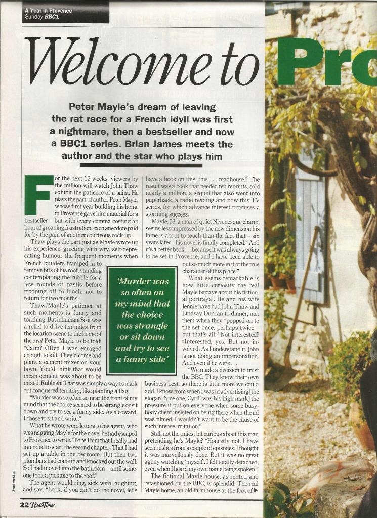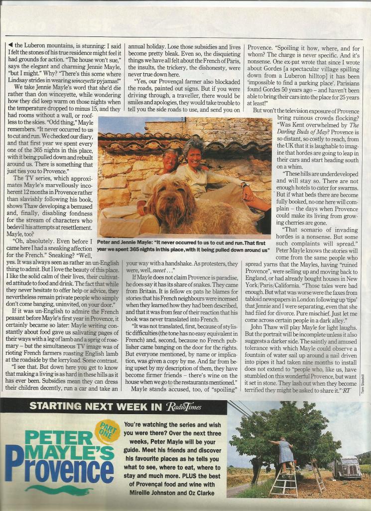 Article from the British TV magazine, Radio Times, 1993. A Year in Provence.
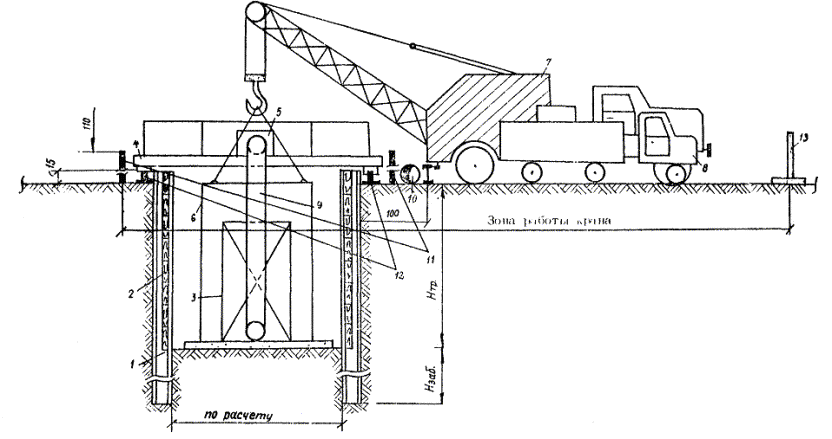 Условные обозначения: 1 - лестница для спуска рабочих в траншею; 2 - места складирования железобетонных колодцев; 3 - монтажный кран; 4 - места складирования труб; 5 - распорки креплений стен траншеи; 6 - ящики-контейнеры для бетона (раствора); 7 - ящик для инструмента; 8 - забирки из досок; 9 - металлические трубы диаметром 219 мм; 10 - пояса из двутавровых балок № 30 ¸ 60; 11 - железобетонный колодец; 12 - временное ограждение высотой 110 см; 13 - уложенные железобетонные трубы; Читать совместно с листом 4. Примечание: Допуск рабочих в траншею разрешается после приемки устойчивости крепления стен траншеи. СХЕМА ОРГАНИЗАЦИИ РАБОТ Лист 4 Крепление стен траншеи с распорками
________________________________________
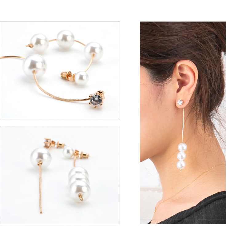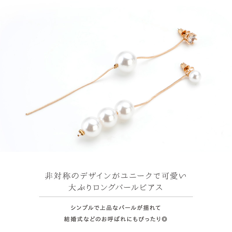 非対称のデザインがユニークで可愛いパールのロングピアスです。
________________________________________
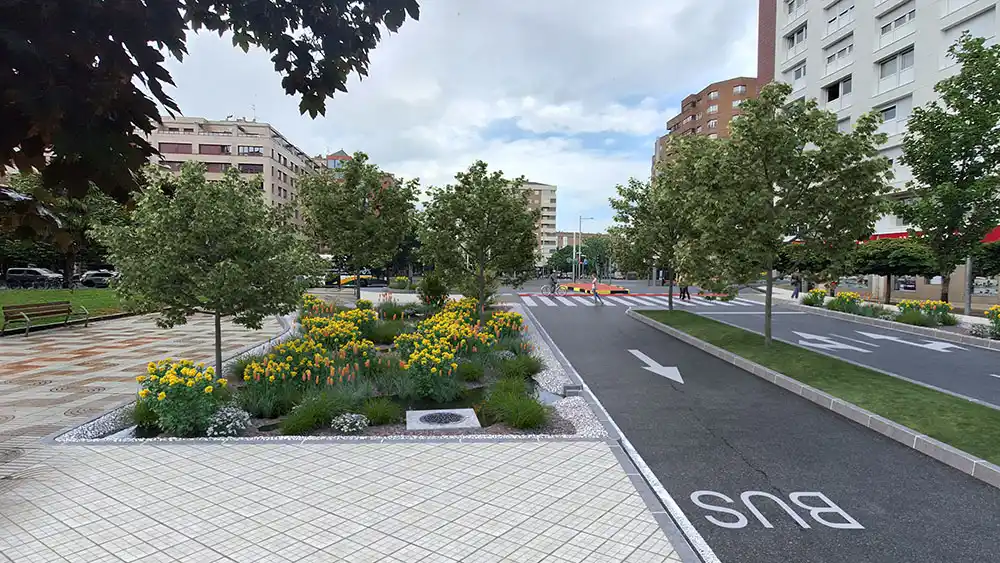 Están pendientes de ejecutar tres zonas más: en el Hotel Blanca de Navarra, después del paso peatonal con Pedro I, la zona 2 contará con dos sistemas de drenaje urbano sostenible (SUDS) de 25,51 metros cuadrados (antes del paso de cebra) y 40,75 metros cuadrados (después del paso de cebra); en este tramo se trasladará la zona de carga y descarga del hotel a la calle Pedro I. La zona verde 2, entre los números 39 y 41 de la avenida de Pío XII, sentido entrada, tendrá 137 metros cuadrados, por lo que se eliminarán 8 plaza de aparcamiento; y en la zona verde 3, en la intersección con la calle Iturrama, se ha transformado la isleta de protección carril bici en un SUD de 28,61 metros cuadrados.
________________________________________
Above are records with pictures. Reproduce exactly only the lines from the line with "Article from the" through the line with "Условные обозначения: 1", both ends included, and leave the pictures out.

• **Answer space**:
 Article from the British TV magazine, Radio Times, 1993. A Year in Provence.
 Условные обозначения: 1 - лестница для спуска рабочих в траншею; 2 - места складирования железобетонных колодцев; 3 - монтажный кран; 4 - места складирования труб; 5 - распорки креплений стен траншеи; 6 - ящики-контейнеры для бетона (раствора); 7 - ящик для инструмента; 8 - забирки из досок; 9 - металлические трубы диаметром 219 мм; 10 - пояса из двутавровых балок № 30 ¸ 60; 11 - железобетонный колодец; 12 - временное ограждение высотой 110 см; 13 - уложенные железобетонные трубы; Читать совместно с листом 4. Примечание: Допуск рабочих в траншею разрешается после приемки устойчивости крепления стен траншеи. СХЕМА ОРГАНИЗАЦИИ РАБОТ Лист 4 Крепление стен траншеи с распорками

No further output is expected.